A lot of AI-for-kids products lead with “learn to prompt.” We think that’s the wrong target. The skill that survives the next two model generations isn’t phrasing. It’s a working theory of how models fail, the habit of deciding on AI proposals instead of accepting them, and the iteration loop that turns a half-right output into a finished artifact. The research community has been calling these AI-literacy competencies for years. None of them is prompt engineering.
Why prompting looks like a teachable skill.
You can see the appeal. Prompt engineering has all the surface features of a curriculum-friendly skill. It’s specific: you write a sentence, the model returns a thing, you can grade the thing. It’s measurable: better prompts produce better outputs, by some criterion. It’s teachable: you can hand a kid a list of patterns (be specific, give examples, ask for step-by-step) and they will produce better outputs within a single sitting. A school administrator can write “Prompt Engineering 101” on a syllabus and parents nod.

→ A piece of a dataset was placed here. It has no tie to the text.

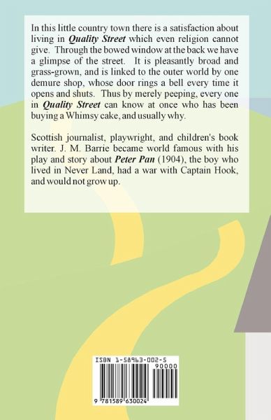 The scene is the blue and white room in the house of the Misses Susan and Phoebe Throssel in Quality Street; and in this little country town there is a satisfaction about living in Quality Street which even religion cannot give. Through the bowed window at the back we have a glimpse of the street. It is pleasantly broad and grass-grown, and is linked to the outer world by one demure shop, whose door rings a bell every time it opens and shuts. Thus by merely peeping, every one in Quality Street can know at once who has been buying a Whimsy cake, and usually why. This bell is the most familiar sound of Quality Street. Now and again ladies pass in their pattens, a maid perhaps protecting them with an umbrella, for flakes of snow are falling discreetly. Gentlemen in the street are an event; but, see, just as we raise the curtain, there goes the recruiting sergeant to remind us that we are in the period of the Napoleonic wars. If he were to look in at the window of the blue and white room all the ladies there assembled would draw themselves up; they know him for a rude fellow who smiles at the approach of maiden ladies and continues to smile after they have passed. However, he lowers his head to-day so that they shall not see him, his present design being converse with the Misses Throssel's maid.The room is one seldom profaned by the foot of man, and everything in it is white or blue. Miss Phoebe is not present, but here are Miss Susan, Miss Willoughby and her sister Miss Fanny, and Miss Henrietta Turnbull. Miss Susan and Miss Willoughby, alas, already wear caps; but all the four are dear ladies, so refined that we ought not to be discussing them without a more formal introduction. There seems no sufficient reason why we should choose Miss Phoebe as our heroine rather than any one of the others, except, perhaps, that we like her name best. But we gave her the name, so we must support our choice and say that she is slightly the nicest, unless, indeed, Miss Susan is nicer.Miss Fanny is reading aloud from a library book while the others sew or knit. They are making garments for our brave soldiers now far away fighting the Corsican Ogre.

It also feels productive in a way that’s rare for AI education. Most other ways into the topic ask the kid to confront something hard: how a transformer works, what a training corpus is, why a model says confident wrong things. Prompting feels like a real skill you can practice. The instant feedback loop is genuinely satisfying. We’ve watched kids work on a single prompt for twenty minutes, iterating, getting closer, finally getting the thing they wanted. They feel like they learned something. In a narrow sense, they did.
So the question isn’t whether prompt practice has value. It does, in the moment. The question is whether it’s the right thing to organize a kid’s AI education around. Our answer is no, for two reasons that compound: the skill doesn’t age well, and it isn’t what the research literature calls AI literacy in the first place.
The skill is transient.
Look at what changed between 2022 and 2026. In 2022, a working prompt-engineer’s toolkit had specific incantations. Let’s think step by step. You are an expert in X. I will tip you $200 if you do well. These patterns produced real, measurable lifts on the models of that era. Today, the frontier models route around almost all of them. The step-by-step trick was absorbed into the default behavior. The expert-roleplay trick became unnecessary. The tipping trick was always a hack, and it’s now a curiosity.
The pattern is reliable: a prompting technique that gives you a real edge becomes table stakes within a model generation, then becomes obsolete by the generation after. The half-life of any specific prompt pattern is now roughly twelve to eighteen months. A kid who carefully learns the 2026 prompt-engineering canon will find, by the time they’re in high school, that most of it has aged out. The model is doing the work the prompt used to do.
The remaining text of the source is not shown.